Top of SOURCE DATA
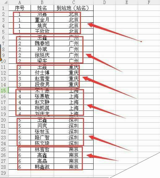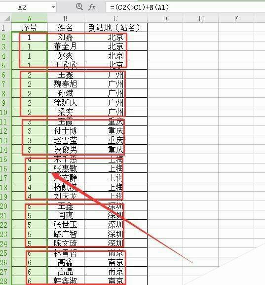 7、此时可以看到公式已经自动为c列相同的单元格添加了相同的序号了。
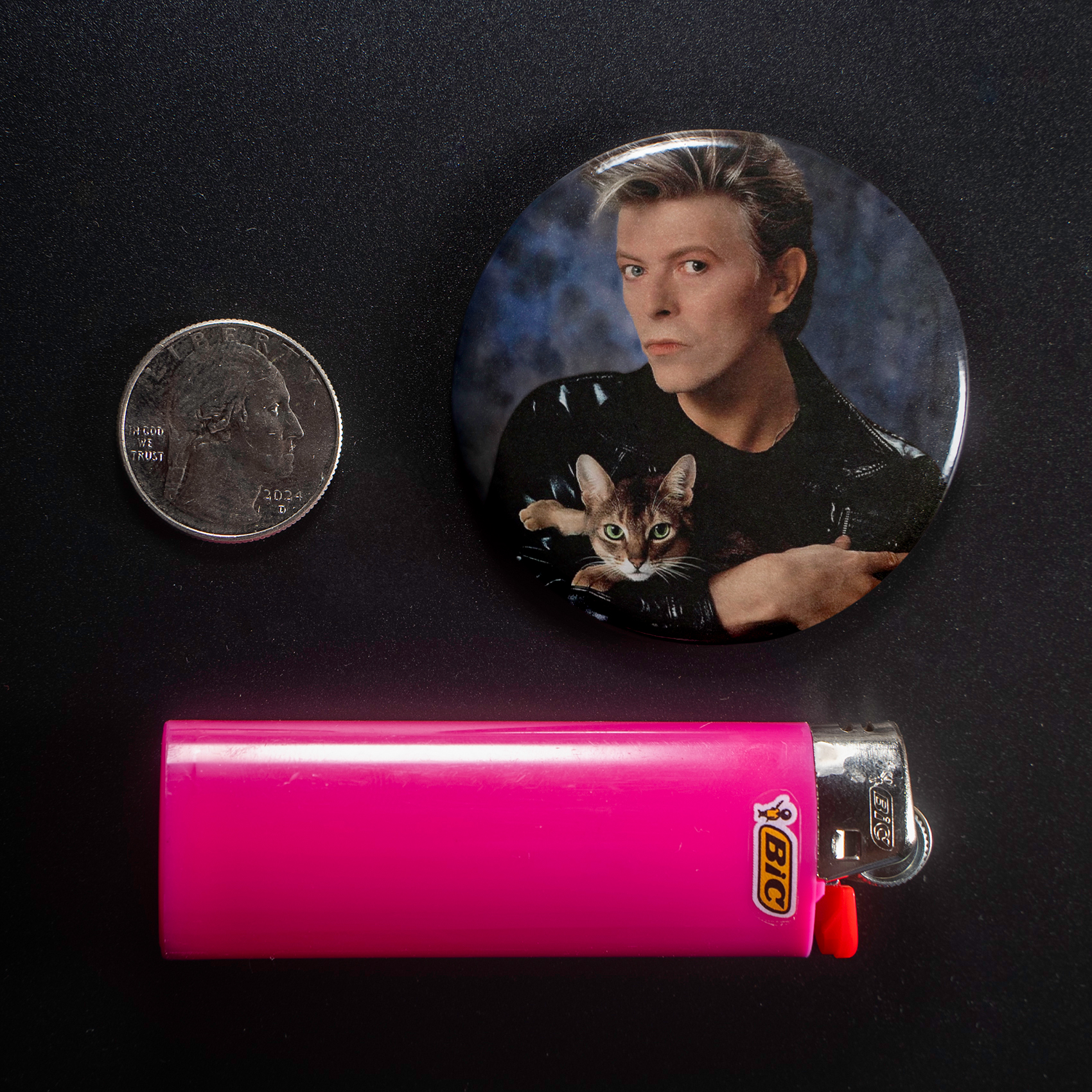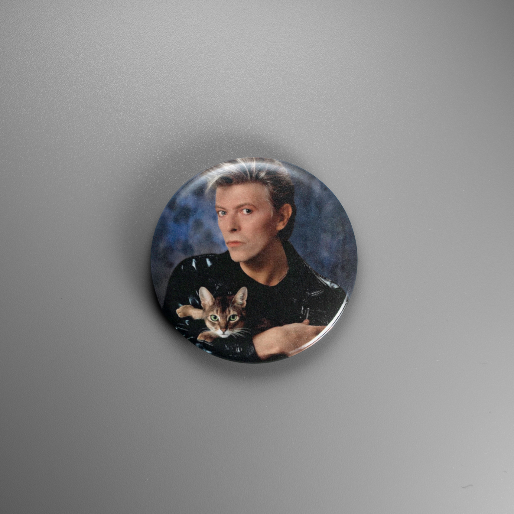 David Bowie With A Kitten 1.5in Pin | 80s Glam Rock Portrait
Bottom of SOURCE DATA
Top of SOURCE DATA
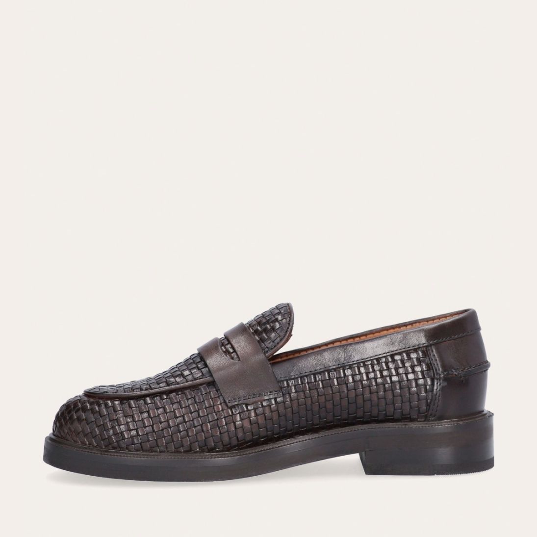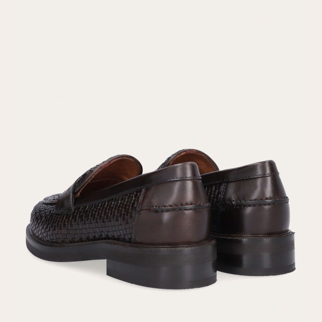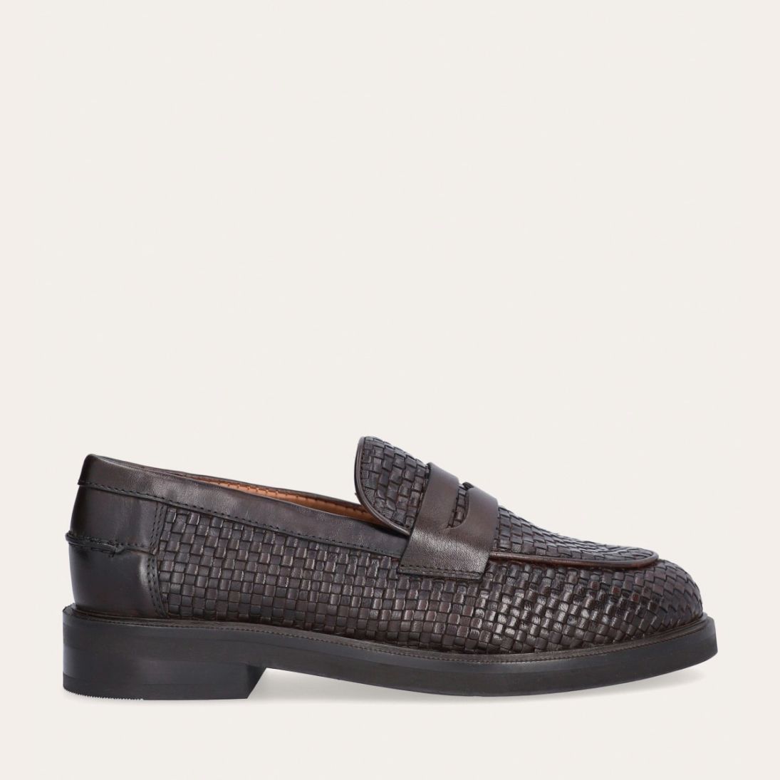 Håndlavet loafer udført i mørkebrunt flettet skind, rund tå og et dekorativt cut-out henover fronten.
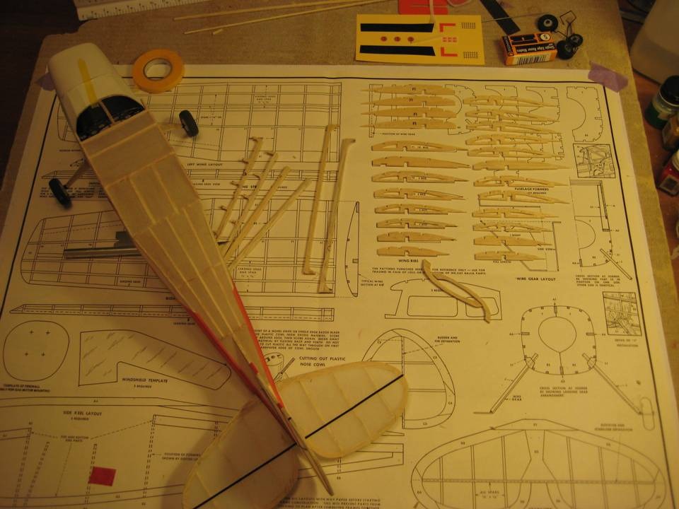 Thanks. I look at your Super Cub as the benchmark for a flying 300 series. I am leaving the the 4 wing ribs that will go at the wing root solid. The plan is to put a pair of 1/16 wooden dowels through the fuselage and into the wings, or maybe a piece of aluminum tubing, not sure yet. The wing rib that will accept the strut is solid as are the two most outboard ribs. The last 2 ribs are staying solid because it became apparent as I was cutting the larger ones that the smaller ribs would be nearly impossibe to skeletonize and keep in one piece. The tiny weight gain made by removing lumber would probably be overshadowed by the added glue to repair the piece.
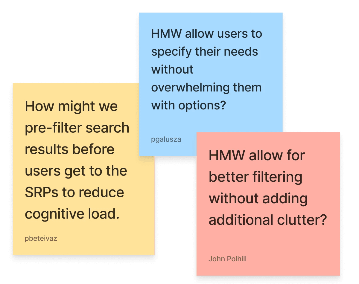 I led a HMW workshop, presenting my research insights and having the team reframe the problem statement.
Bottom of SOURCE DATA
**ACTION ITEM:** Which part of the entries opens with the line containing "7、此时可以看到公式已经自动为c列相同的单元格添加了相同的序号了。" and closes with the line containing "David Bowie With"? Output that part exactly, ends included, pictures excluded.

**ANSWER TO THIS TASK:**
 7、此时可以看到公式已经自动为c列相同的单元格添加了相同的序号了。
 David Bowie With A Kitten 1.5in Pin | 80s Glam Rock Portrait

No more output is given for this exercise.